Personality
Unicorns of Social Psychology
List of failures to replicate classic social psychology studies
Posted August 9, 2012
Bargh et al (1996)
Bargh et al (1996)
Main finding: Priming people with the elderly stereotype led them to walk more slowly down the hall.
Citation count: 2062. (Note: Citation counts are one indication of how influential an article is; most articles get a few dozen citations; articles cited hundreds of times, or more, are usually classics in a field).
Importance: Priming of behavior, embodied cognition, stereotypes.

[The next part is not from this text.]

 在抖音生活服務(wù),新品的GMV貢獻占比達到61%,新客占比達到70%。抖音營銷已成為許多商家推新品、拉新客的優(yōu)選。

Helped boost the modern wave of emphasis on the power of automatic and unconscious processes.
Published failures to replicate: Cesario et al (2006); Doyen et al (2012); Hull et al (2002).

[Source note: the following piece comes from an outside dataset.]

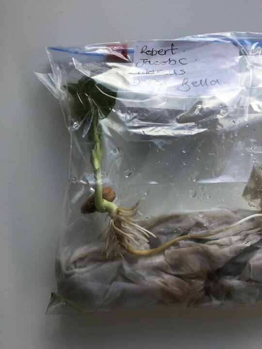 Over the last few weeks we have been caring for and observing our seeds germinating and growing. They all germinated at different times and grew different amounts even though we all planted the same seeds in the same way. We planted some of our bean seeds in plastic bags so we could watch the seed as it began to grow.

Notes: Bargh has claimed Ceasario and Hull et al did replicate the finding (see Bargh's Blog post titled Priming Effects Relicate Just Fine, Thanks). However, neither produced statistically significant main effects of elderly primes on walking speed (p's ranging from .06 to .13). All three papers, however, did report some conditions under which the priming effect seems to have "worked."
Unpublished Reports of or References to Failures to Replicate
Lemm, K. (2012). Lieberman, M. (2012). Pashler et al. (2008).
Darley & Gross (1983)
Darley & Gross (1983)
Main finding: Social class stereotypes biased judgments concerning the motivation and performance of a student in the presence of individuating information, but not in its absence.
Citation count: 786.
Importance: Interpreted as showing that stereotypes act as hypotheses that lead to their own confirmation; seems consistent with a conclusion that stereotypes pervasively bias judgments.
Published Failures to Replicate and Studies Finding Opposite Patterns
Baron et al (1995). Two exact attempts to replicate. Found the exact opposite pattern: Social class stereotypes biased judgments in the absence of individuating information but not in its presence. Citation count: 29.
Locksley et al (1980, 1982). Studies of sex stereotypes and stereotypes of day/night people. Showed that stereotypes biased judgments with useless individuating information but did not bias judgments in the presence of relevant individuating information.
Krueger & Rothbart (1988). Studies of sex stereotypes showed that the less individuating information people had, the more they relied on stereotypes.
Note: Darley & Gross (1983) has been cited over 600 times since 1996, i.e., after the two exact failures by Baron et al, had been published.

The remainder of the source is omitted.